[Records from a collection]
=====
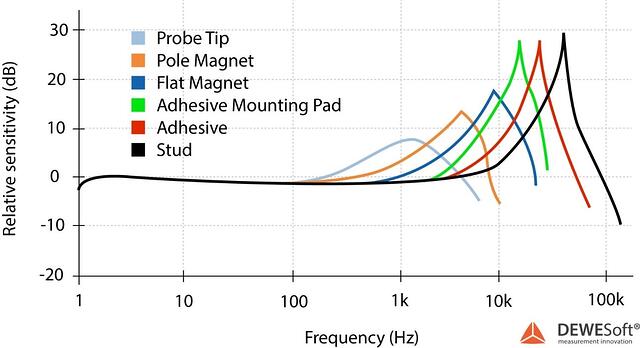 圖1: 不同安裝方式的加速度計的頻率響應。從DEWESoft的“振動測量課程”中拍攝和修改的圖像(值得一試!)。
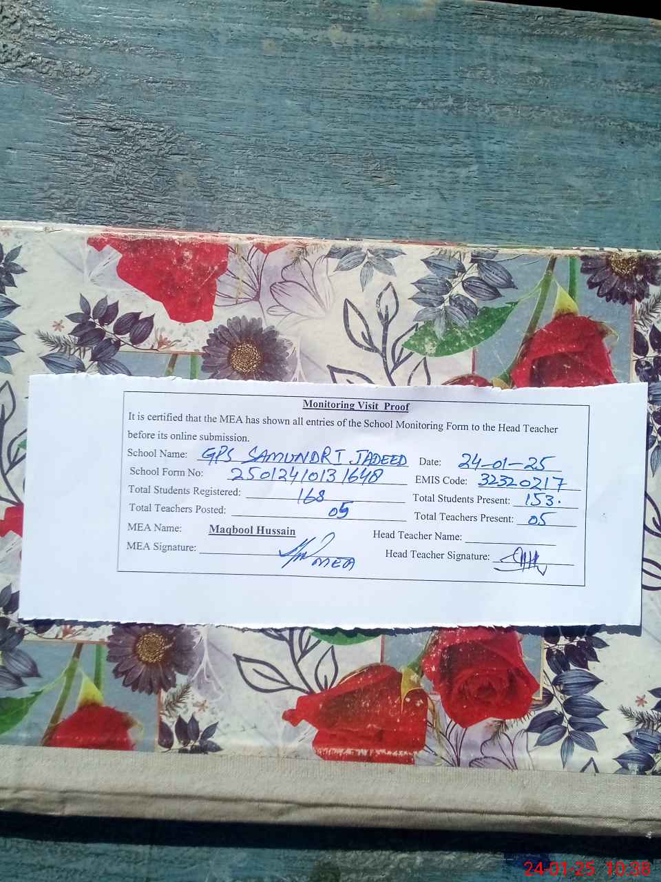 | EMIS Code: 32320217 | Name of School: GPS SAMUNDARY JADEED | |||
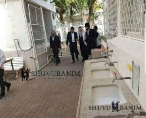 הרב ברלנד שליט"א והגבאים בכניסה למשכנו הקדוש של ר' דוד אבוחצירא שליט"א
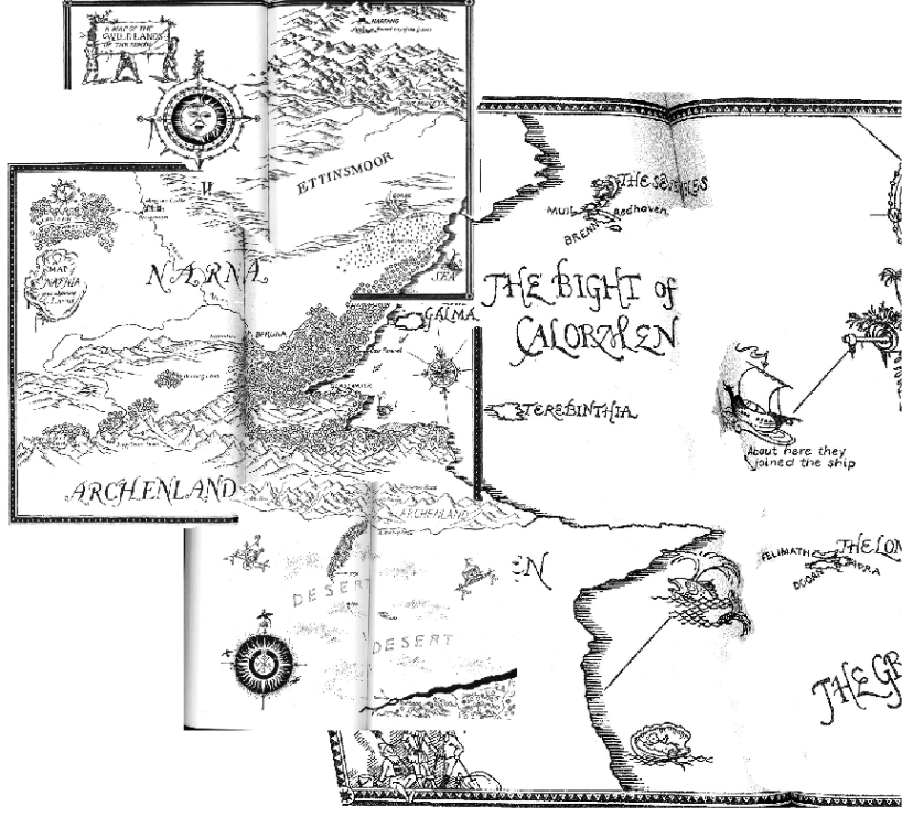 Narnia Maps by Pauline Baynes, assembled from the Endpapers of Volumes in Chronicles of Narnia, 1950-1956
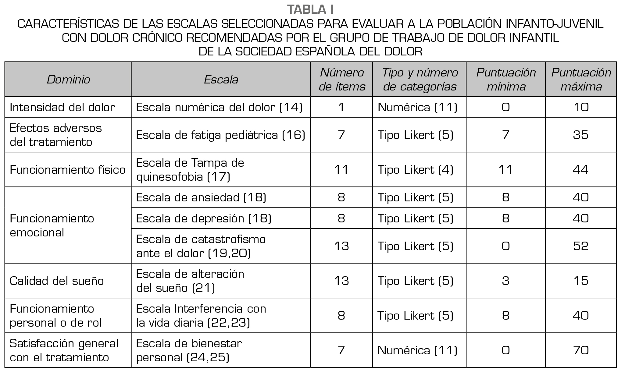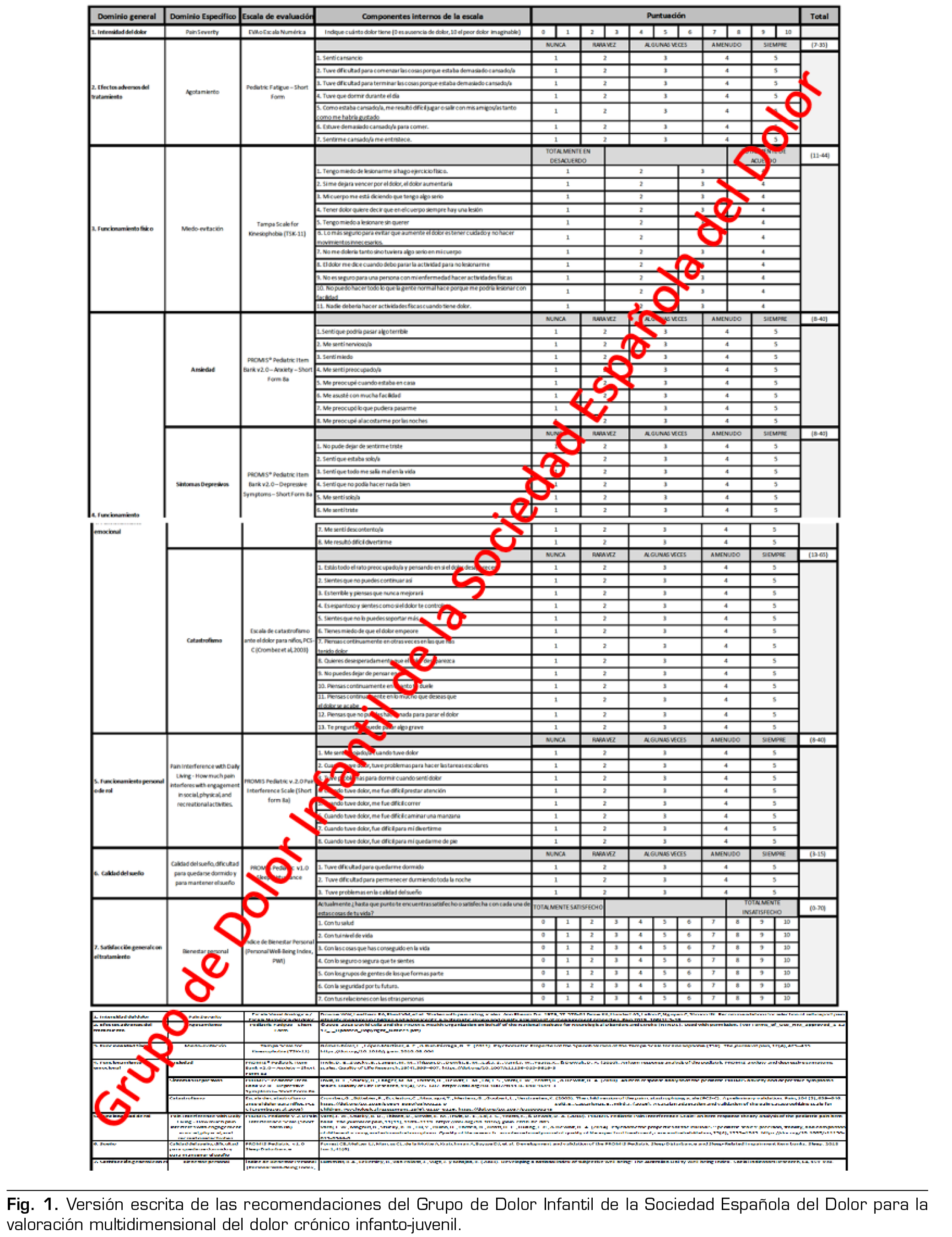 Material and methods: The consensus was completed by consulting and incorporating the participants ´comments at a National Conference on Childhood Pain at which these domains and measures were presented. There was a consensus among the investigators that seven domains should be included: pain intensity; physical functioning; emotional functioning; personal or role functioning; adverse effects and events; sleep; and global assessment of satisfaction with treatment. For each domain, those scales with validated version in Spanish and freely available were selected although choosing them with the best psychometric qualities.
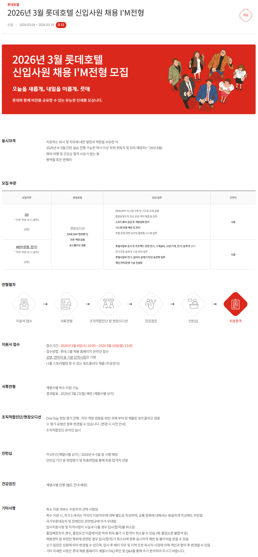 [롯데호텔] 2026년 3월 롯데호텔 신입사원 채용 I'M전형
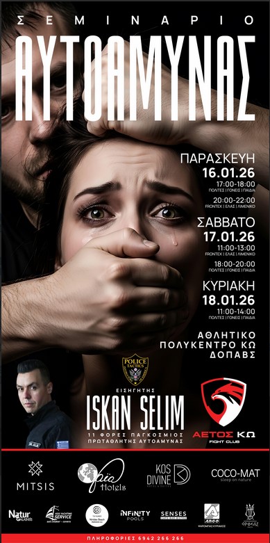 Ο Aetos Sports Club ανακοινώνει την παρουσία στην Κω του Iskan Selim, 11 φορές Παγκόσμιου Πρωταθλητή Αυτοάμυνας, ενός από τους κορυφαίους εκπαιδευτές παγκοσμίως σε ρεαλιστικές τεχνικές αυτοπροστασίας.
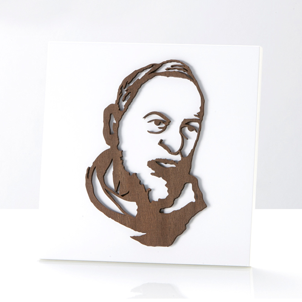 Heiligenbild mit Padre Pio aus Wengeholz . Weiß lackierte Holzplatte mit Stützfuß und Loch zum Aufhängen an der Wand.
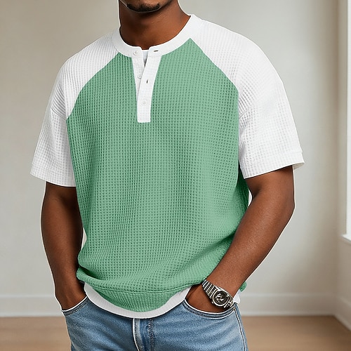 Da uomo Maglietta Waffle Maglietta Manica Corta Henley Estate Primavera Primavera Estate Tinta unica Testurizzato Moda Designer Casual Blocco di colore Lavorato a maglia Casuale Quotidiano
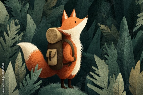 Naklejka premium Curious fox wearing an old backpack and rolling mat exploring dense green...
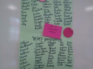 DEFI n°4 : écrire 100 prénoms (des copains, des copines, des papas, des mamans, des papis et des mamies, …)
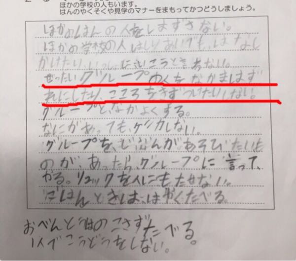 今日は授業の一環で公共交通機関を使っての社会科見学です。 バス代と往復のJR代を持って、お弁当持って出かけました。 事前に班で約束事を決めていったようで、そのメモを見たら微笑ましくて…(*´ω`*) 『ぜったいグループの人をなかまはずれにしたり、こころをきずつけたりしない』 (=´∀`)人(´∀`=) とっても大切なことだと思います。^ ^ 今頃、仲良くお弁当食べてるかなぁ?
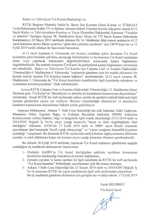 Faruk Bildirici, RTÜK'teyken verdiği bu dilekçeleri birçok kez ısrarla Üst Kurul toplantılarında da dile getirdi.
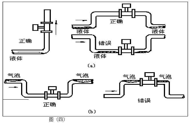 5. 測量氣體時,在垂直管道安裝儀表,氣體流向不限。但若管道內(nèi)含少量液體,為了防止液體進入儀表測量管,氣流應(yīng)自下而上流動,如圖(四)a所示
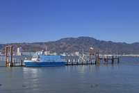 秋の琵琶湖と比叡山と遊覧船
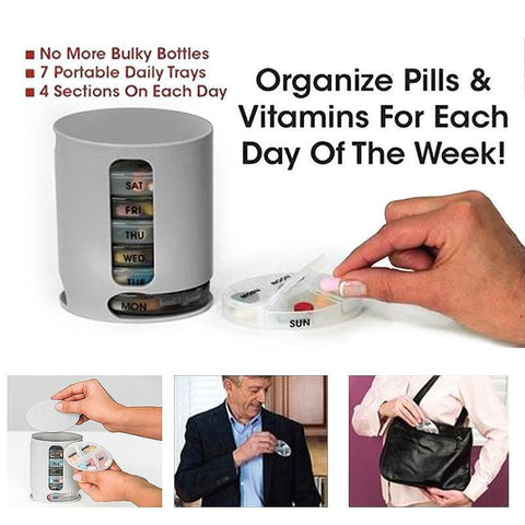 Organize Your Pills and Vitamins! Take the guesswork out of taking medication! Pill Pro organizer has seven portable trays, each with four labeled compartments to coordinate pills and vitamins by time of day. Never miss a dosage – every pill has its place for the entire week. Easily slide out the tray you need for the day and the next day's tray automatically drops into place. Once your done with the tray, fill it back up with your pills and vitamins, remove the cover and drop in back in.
=====
» What you have to do:
Output exactly the lines from the first line of the records through the line containing "[롯데호텔] 2026년 3월 롯데호텔 신입사원 채용 I'M전형". Leave out every picture.

» Answer box:
 圖1: 不同安裝方式的加速度計的頻率響應。從DEWESoft的“振動測量課程”中拍攝和修改的圖像(值得一試!)。
 | EMIS Code: 32320217 | Name of School: GPS SAMUNDARY JADEED | |||
 הרב ברלנד שליט"א והגבאים בכניסה למשכנו הקדוש של ר' דוד אבוחצירא שליט"א
 Narnia Maps by Pauline Baynes, assembled from the Endpapers of Volumes in Chronicles of Narnia, 1950-1956
 Material and methods: The consensus was completed by consulting and incorporating the participants ´comments at a National Conference on Childhood Pain at which these domains and measures were presented. There was a consensus among the investigators that seven domains should be included: pain intensity; physical functioning; emotional functioning; personal or role functioning; adverse effects and events; sleep; and global assessment of satisfaction with treatment. For each domain, those scales with validated version in Spanish and freely available were selected although choosing them with the best psychometric qualities.
 [롯데호텔] 2026년 3월 롯데호텔 신입사원 채용 I'M전형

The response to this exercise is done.